I have not been able to do that very well programmatically. His models do not reduce into simple explicit equations of independant variables. Which is fine for SPICE, a SPICE engine is meant to handle that.

But it is not fine for the non linear regression I want to do to extract model parameters. I have tried every trick and simplification I know, and I can get things to work not too badly for small amounts of data, but I am really not satisfied with it. I have put in the ability to plot the results of the model against the measured data so the user can interactively change the parameter values and see the results. This may be the only way to get a good fit to the data for the Immler models. But it doesnt allow the automated parameter extraction and model comparison that the program is intended to do.

The other thing to do of course is use the models provided by Adrian Immler.

So why not just release the program as it is now, with the understanding that the Immler models are not automated ? Because there are other things I need to clean up. As it is now it is just something I use, I need to clean up the menus, and remove things that dont work, or features I started to add but didnt finish etc.

I have set a target of Sept 1 to finish this program.
Oh, I forgot to say what yeare. OK, Sept 1 2020.

Return to Bob’s House of Stories

I have not posted to my blog, or even looked at it, for quite some time. ( February 24 in fact)

It may be that I prefer doing things to writing about doing things, or it may be just laziness.

My main focus prior to abandoning my blog was on SPICE modelling. In my next post I will go into more detail about the problems I am having on that front.

And in the the post after that I will talk about my Big Radio project, which illustrates what I meant about doing things rather thatn writing about things.

I know everybody has to find a way to prioritize and get things done. I am certainly not the only one who cant seem to find enough hours in a day. For some time I have my house cleaning with a check list I stick on my refrigerator. By following this schedule I keep my house from turning into some sort of slum dwelling. It really works for me.

I think I will make a similar schedule or check list of things to do each day or each week : blog writing work, radio project work, SPICE modelling program work, chess practice work, exercise work, golf practice work, project Euler work, armchair philosophising work, etc.

Now I just need to schedule some time to make a schedule.

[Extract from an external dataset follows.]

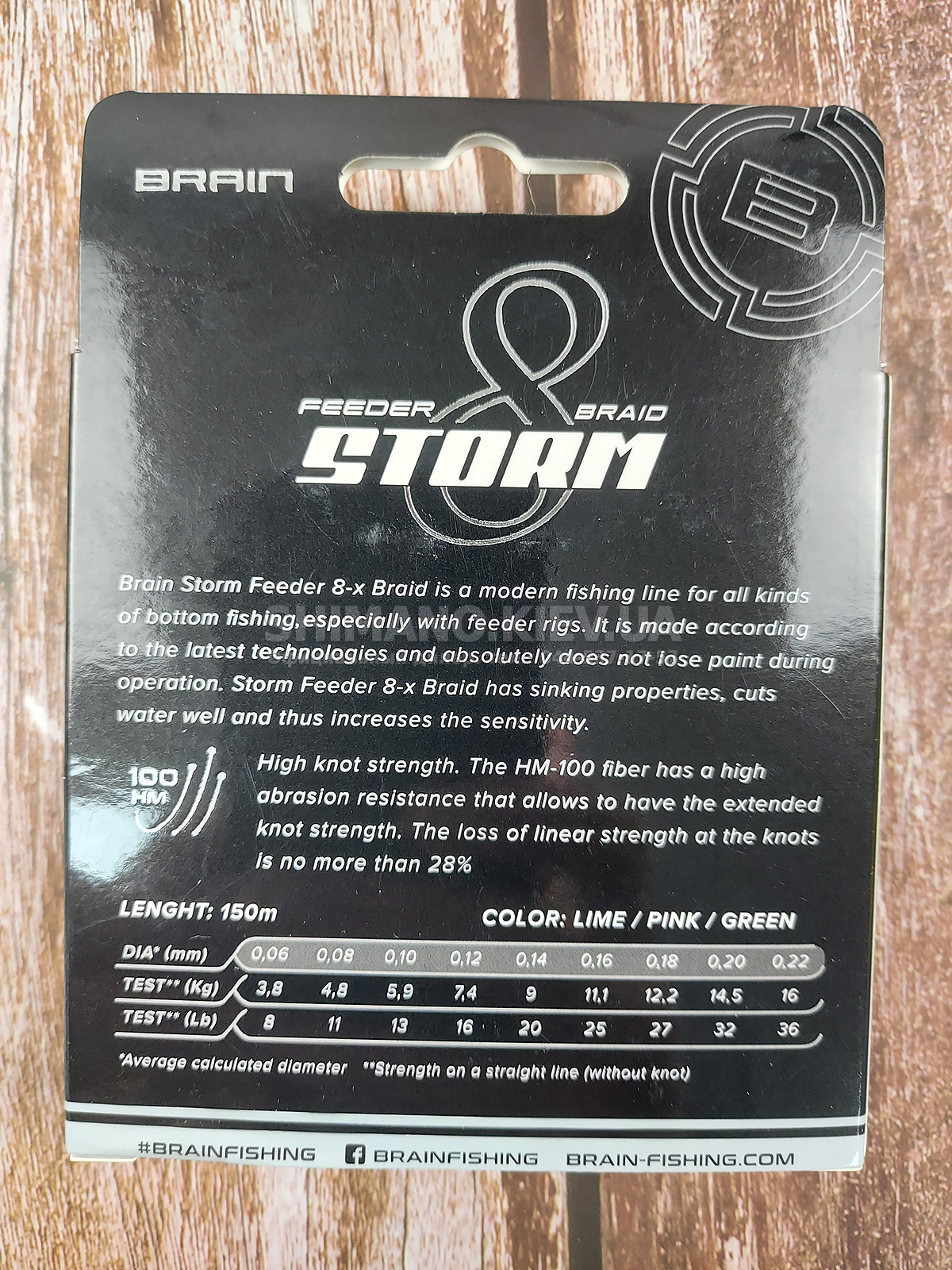Шнур Brain Storm 8X - современная плетенка, подходящая под разные виды рыбалки, особенно под фидерную. Он обладает высокой абразивостойкостью и тонущими характеристиками, поэтому хорошо прорезает воду, повышая чувствительность снасти, а также менее подвержен износу при постоянных контактах с дном. Шнур имеет плотное плетение из 8-ми тончайших волокон с последующей поверхностной обработкой, благодаря чему очень гладким и скользким, что положительно сказывается на дальности заброса. Для производства использовано современное волокно HM-100, которое хорошо противостоит износу и имеет минимальные потери прочности на узлах, позволяя рыбалке использовать более тонкие диаметры для рыбалки, чем обычно.

Delays to SPICE Modelling posts

I has been some time since I have posted anything in my series of SPICE modelling stories. There are two reasons. I have taken some time to look over the triode and the pentode models of Adrian Immler. I have been successful in updating my program to do parameter extractions for Immler’s triode model. His pentode model is giving me a little bit more trouble. I need to do a bit more work. The second reason is that I have switched from using FreePascal and the Lazarus IDE, and am now using Embarcadero Delphi. They are both Pascal at heart, so the change was not difficult, but it did take some time. I hope to be able to make a post about Immler’s models soon.